U.S. Forest Service scientist

Charles August (Chuck) Wellner (January 3, 1911 – June 5, 2001) was an American research scientist at the United States Forest Service for over 40 years. In his retirement, he continued with the Forest Service as a volunteer and helped establish the majority of the research natural areas in Idaho.

==Early life==
Wellner was born on January 3, 1911, in Enid, Oklahoma. His parents were August and Adelia (Anderson) Wellner. He grew up in Twin Falls, Idaho where he graduated from Twin Falls High school in 1928.

==Education and career==
Wellner attended the University of Idaho in 1929 and graduated in 1933 with a BS in Forestry. That year, he was hired by the United States Forest Service as a silviculturist. He took an educational leave from 1937-1938 to earn his MS in Forestry from the Yale School of Forestry, graduating magna cum laude. From 1942-1946, Wellner was an aerology officer in the U.S. Navy, serving on the U.S.S. Boxer. Wellner's career with the Forest Services lasted until 1973, during which time he served as division chief and assistant director of the Northern Rocky Mountain and Intermountain Forest and Range Experiment stations.

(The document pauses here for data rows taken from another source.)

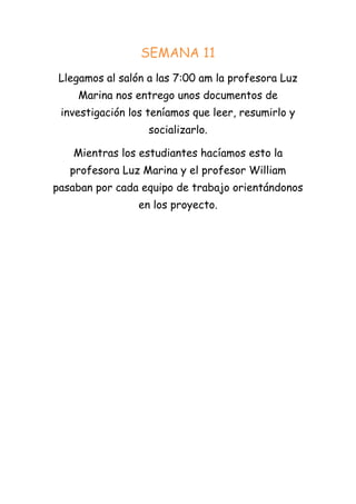 La profesora Luz Marina entregó documentos de investigación a los estudiantes para que los leyeran, resumieran y socializaran. Mientras los estudiantes trabajaban en esto, la profesora Luz Marina y el profesor William recorrieron cada equipo para orientarlos en sus proyectos.
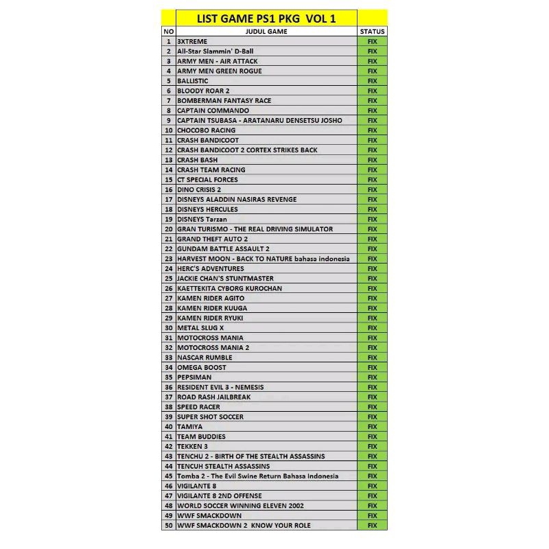 (paket nostalgia)50 GAME PS1 FORMAT PKG BUAT PS3
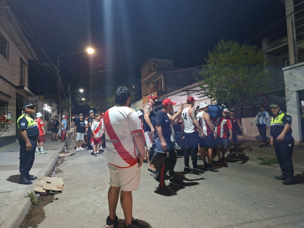 “También tenemos varios cortes en la zona norte del estadio y en estos momentos estamos realizando un control bien detallado y profundo del ingreso de la hinchada de River: Contamos con un primer filtro en lo que es el pasaje Atlético y Perú, donde se estacionaron los micros, descendió la hinchada visitante y después se realiza la requisa, primero por Infantería luego por personal desplegado en las inmediaciones del club y finalmente, por efectivos que están en el ingreso que tiene tribuna segura”, detalló Luna.
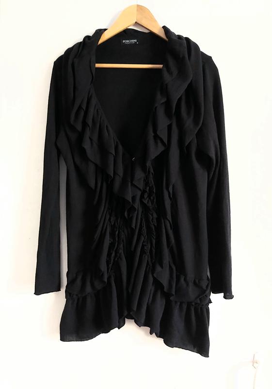 Женский кардиган трикотаж с рюшами, длинным рукавом. Тканина тягнеться Замеры: Ширина плечей 38 см Ширина груди 50 см длина рукава 61 см длина изделия 76 см
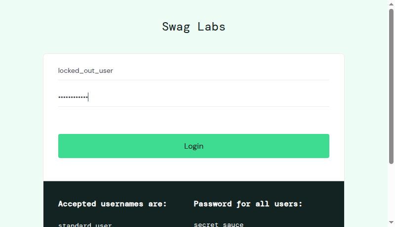 I set the credential of the user "locked_user" on the login page

After his retirement, he continued as a volunteer with the Forest Service for 18 years. With Emeritus Professor Fred Johnson, he established the Idaho Natural Areas Coordinating Committee (INACC), a group of volunteer scientists responsible for identifying research natural areas (RNAs) for the conversation of biodiversity in Idaho. Wellner was largely responsible for the addition of 80 new RNAs in Idaho by the 1990s.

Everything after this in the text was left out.